The scalars \(c_1\) and \(c_2,\) if they exist, are the \(\mathcal{B}\)-coordinates of \(\mathbf{x}.\)

Row operations show that

\[\begin{split}\begin{bmatrix}3&-1&3\\6&0&12\\2&1&7\end{bmatrix} \sim \begin{bmatrix}1&0&2\\0&1&3\\0&0&0\end{bmatrix}.\end{split}\]

The reduced row echelon form shows that the system is consistent, so \(\mathbf{x}\) is in \(H\).

Furthermore, it shows that \(c_1 = 2\) and \(c_2 = 3,\)

so \([\mathbf{x}]_\mathcal{B} = \begin{bmatrix}2\\3\end{bmatrix}.\)

In this example, the basis \(\mathcal{B}\) determines a coordinate system on \(H\), which can be visualized like this:

_images/fa05f4fa22780b2369d25f9d0fcc464776c366e82719b96482bf1828224b9d2c.png

Important: Don’t be confused by the fact that the “coordinate axes” are not purpendicular.

The whole idea here is that they don’t need to be.
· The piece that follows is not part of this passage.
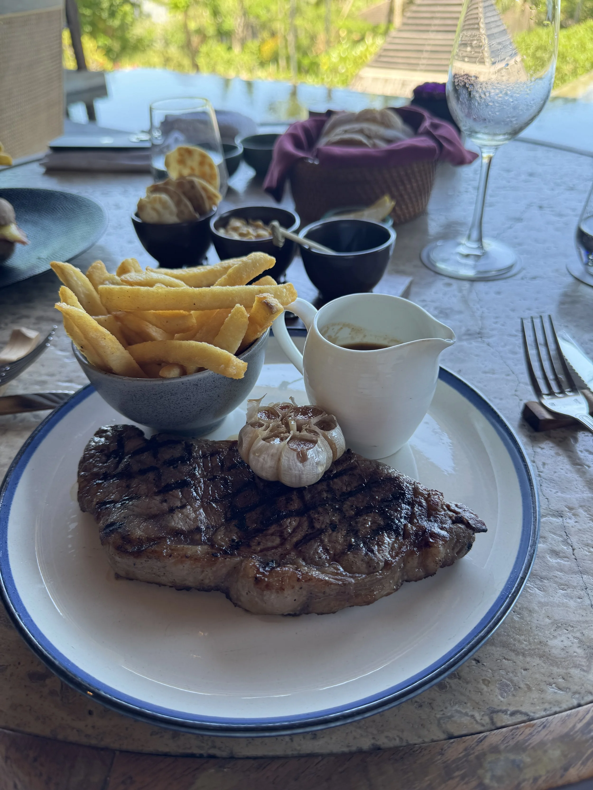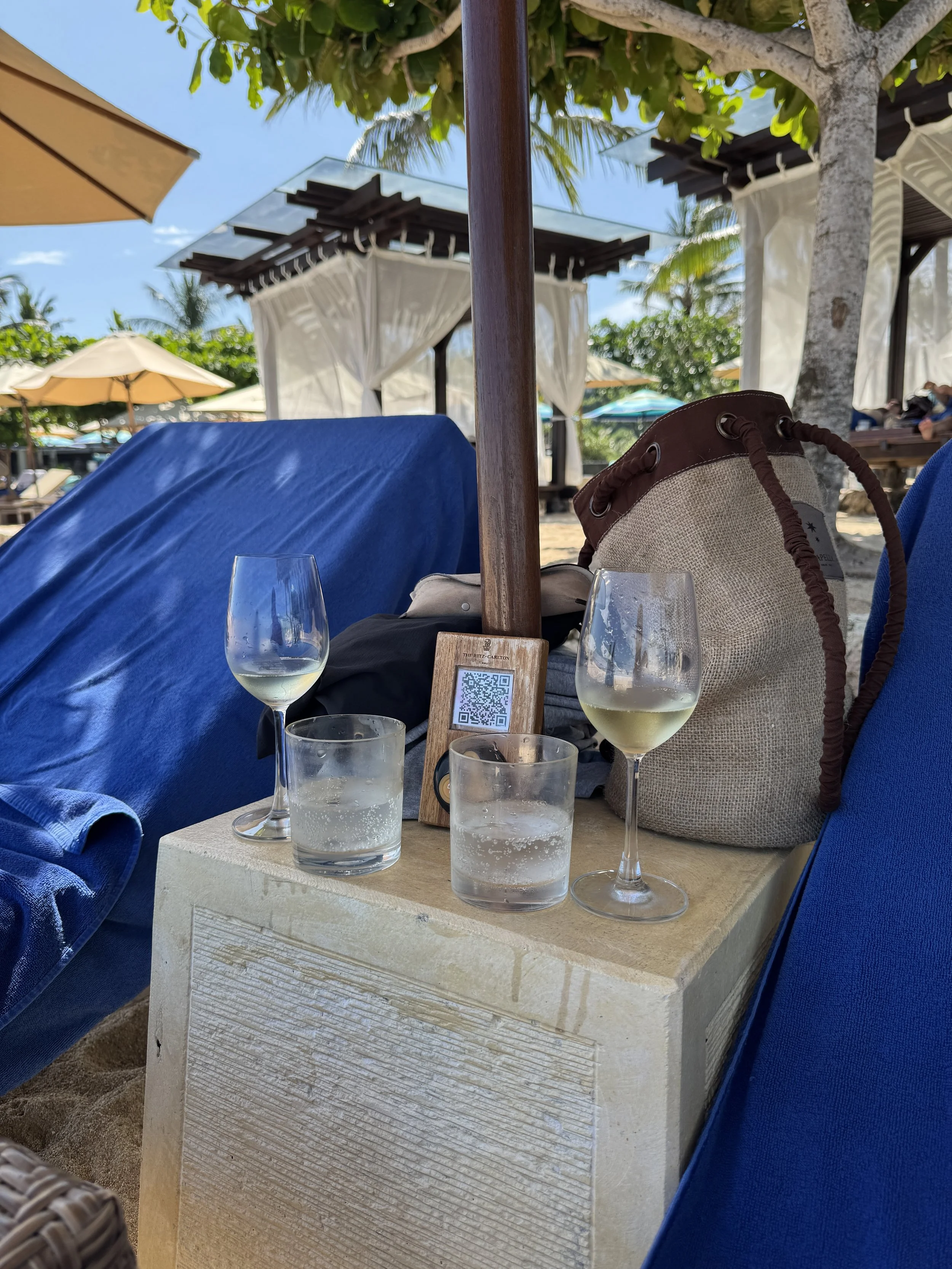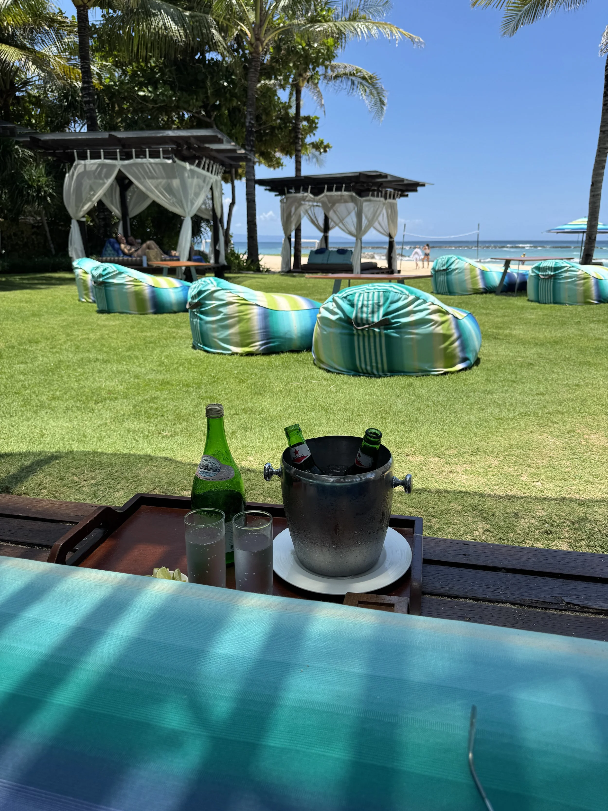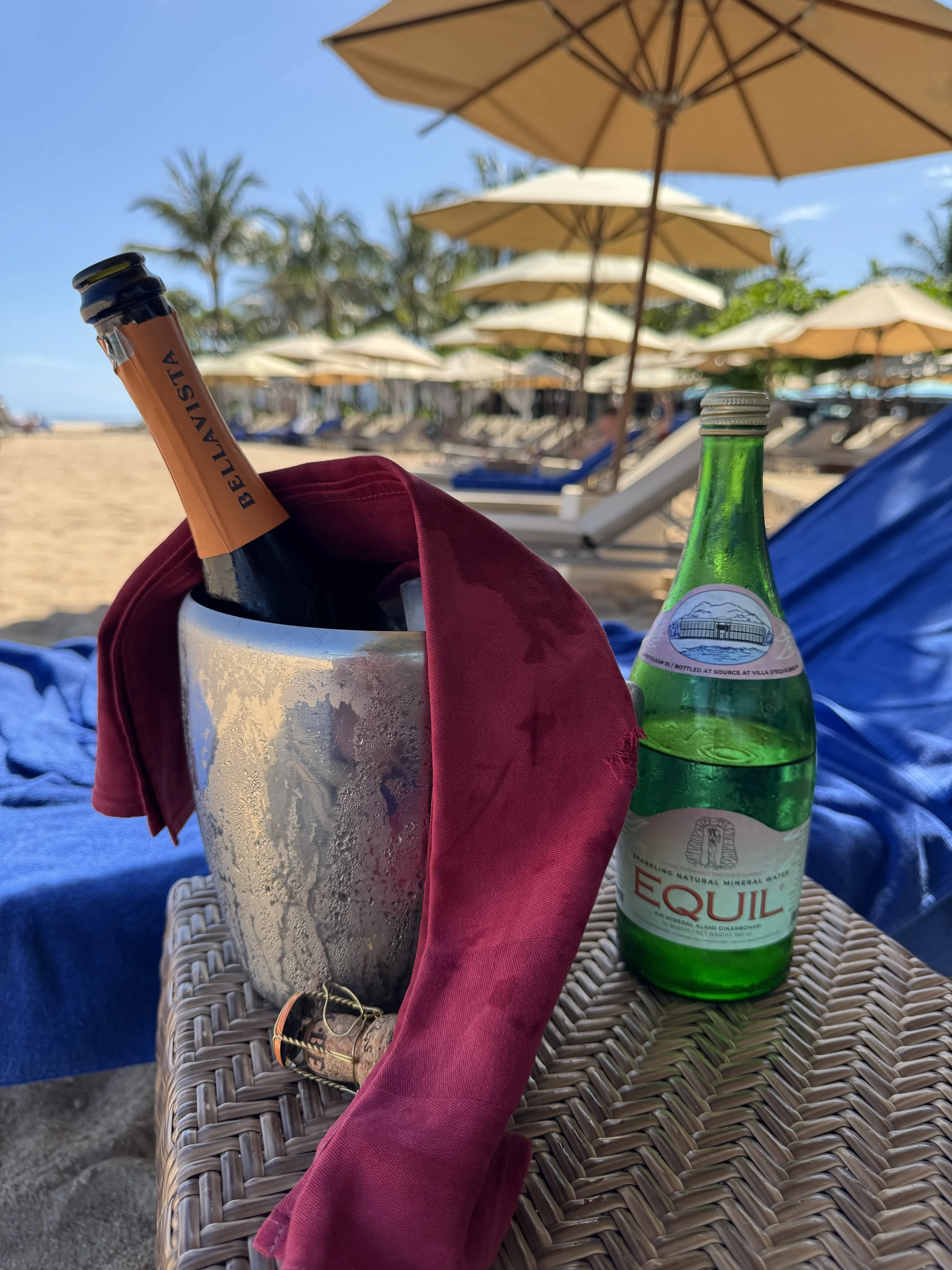 Ironically, despite having our own private pool, we only used it once. That’s a testament to the allure of the beachfront, which is arguably one of the most stunning in Bali. We spent the better part of our days lounging under umbrellas on soft white sand, sipping ice-cold Bintang beer and Bellavista Franciacorta—a delightful surprise to find this renowned Italian sparkling wine in Southeast Asia.

As long as the independent vectors span the space, there is only one way to express any point in terms of them.

Thus, every point has a unique coordinate.

Isomorphism.#

Another important idea is that, although points in \(H\) are in \(\mathbb{R}^3\), they are completely determined by their coordinate vectors, which belong to \(\mathbb{R}^2.\)

In our example, \(\begin{bmatrix}3\\12\\7\end{bmatrix}\mapsto\begin{bmatrix}2\\3\end{bmatrix}\).

We can see that the grid in the figure above makes \(H\) “look like” \(\mathbb{R}^2.\)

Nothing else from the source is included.